India’s Updated Nationally Determined Contributions (NDCs)
- India is set to submit its new Nationally Determined Contributions (NDCs) for the period up to 2035 under the Paris Agreement. To credibly advance its energy transition and decarbonisation pathway, a seven-point strategy has been outlined to guide India’s climate planning for the next decade.
About Nationally Determined Contributions (NDCs)
- NDC is a non-binding climate action plan to cut emissions and adapt to climate impacts.

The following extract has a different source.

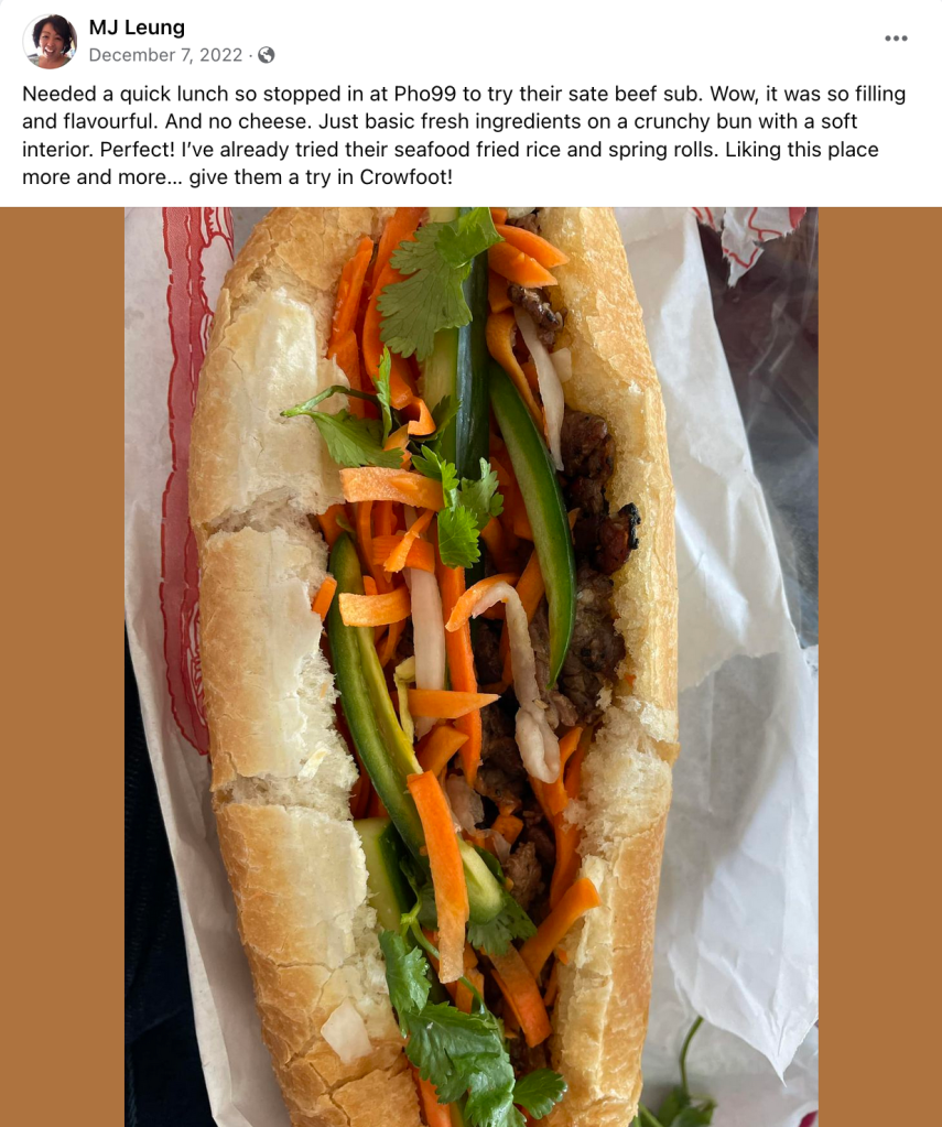 Historically, L and I disagree about who makes the best banh mi in Calgary. It seems fitting that we finally agreed on February 14, 2023, that Pho 99 makes our favourite beef sate sub. Lightly toasted, the bread is soft enough that your teeth sink in without scraping the skin on the roof of your mouth. L liked there wasn’t an abundance of mayonnaise or sweet sauces. Instead, the beauty of this sub was how damn good the beef taste – generously layered, charred and smoky from the wok.
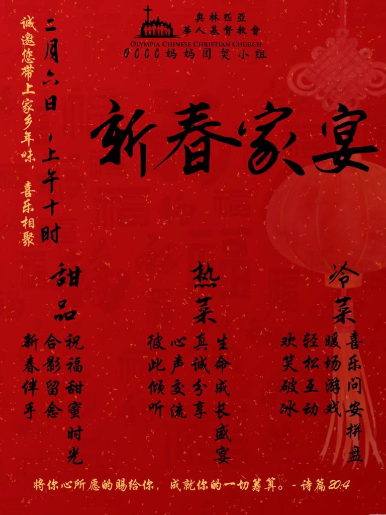 ♦♦ OCCC 2024年的目标 (Our Goals) ♦♦ (1).  读/听完一遍整卷圣经或者旧约或者新约加诗篇一遍 (Read/listen to the entire Bible once or OT or NT plus Psalms once);我们会利用读经软件激励帮助弟兄姐妹读经. (2). 访问一个你尚未关心过的OCCC家庭/个人 (Visit one family/person of OCCC that you have yet to visit). (3). 教会是建在山上的城,天父的儿女是放在台上的灯。神把OCCC放在奥林匹亚地区,我们应当在自己周围发挥光和盐的作用(太 5:13-15),履行大使命、传扬福音、播洒主爱、为主作美好的见证(太 28:18-20)。在2024新的一年里,愿每一位OCCC的弟兄姐妹为着主的名去关心身边的一位或者一家朋友,主动联络并邀请他们来教会;为他们祷告,求主做工让他们接受耶稣基督成为他们生命的救主,得到人生最美的祝福。

It describes a country’s national policies or decisions toward reaching net-zero emissions.
- Article 4 of the Paris Agreement requires Parties to prepare, communicate, and maintain successive NDCs and adopt domestic measures to achieve them.
- New and progressively ambitious NDCs must be submitted every 5 years, in sync with the Global Stocktake cycle.
- First NDC cycle (targets up to 2025 or 2030) was submitted in 2015-16; the second NDC (2030) was due in 2020; the third round will set targets up to 2035.

Seven-Point Plan to Scale Up India’s Climate Ambition
Higher Target for Emissions Intensity Reduction
- The proposal suggests a 65% reduction in emissions intensity by 2035, signalling a shift from incremental to accelerated decarbonisation.
- Announcing an emissions-peaking year (around 2035) would counter criticism that India’s emissions continue to rise, despite being the third-largest global emitter.
Raising Non-Fossil Capacity
- From achieving 50% non-fossil capacity by 2030, India is now positioned to target 80% by 2035.
- Total generation capacity is estimated to reach 1,600 GW.
- The share of renewables in electricity supply could expand from 13.5% today to 50% by 2035.
- Large-scale integration will require grid expansion, modern evacuation corridors, and storage capacity rising from <1 GW to ~170 GW.
Phasing Down Unabated Coal
- A pragmatic middle path is proposed, with no new coal-based power plants after 2030, capacity peaks around 293 GW by 2030, declining to 230 GW by 2040.
- Coal phase-down is non-negotiable for a net-zero trajectory by 2070.
- Just transition is critical; coal states (Jharkhand, Odisha, Chhattisgarh) must begin skill retraining, industrial diversification, and the development of social protection frameworks.
Accelerating Electrification of Mobility and Transport
- Railways: Near-complete electrification of tracks now needs to translate into near-100% electric traction by 2035, retiring diesel locomotion.
- Urban mobility: 50% electric buses in fleets; 100% electric three-wheelers achievable in the short term.
Carbon Credit Trading Scheme (CCTS)
- Operational from April 2026, CCTS is India’s entry into market-based emissions regulation.
- Post-implementation review (after two years) could expand coverage to power and mid-scale industries.
- Initial norms are flexible but are expected to tighten progressively, aligning industry strategy with the net-zero goal.
Redesigning Electricity Pricing and Markets
- Variable renewables demand time-of-day pricing, flexible procurement, and exchange-based trading.
- Consumer price acceptance will require behavioural communication, subsidy redesign, and transparent transition pathways.
Financing the Green Transition
- Estimated capital investment is $62 billion annually during 2026-2035 (~0.84% of GDP).
- 80% domestic financing, higher savings, private capital, and sovereign green bonds.
- 20% global capital (~$12.5 billion annually) via MDBs, equity funds, and risk-mitigated climate finance.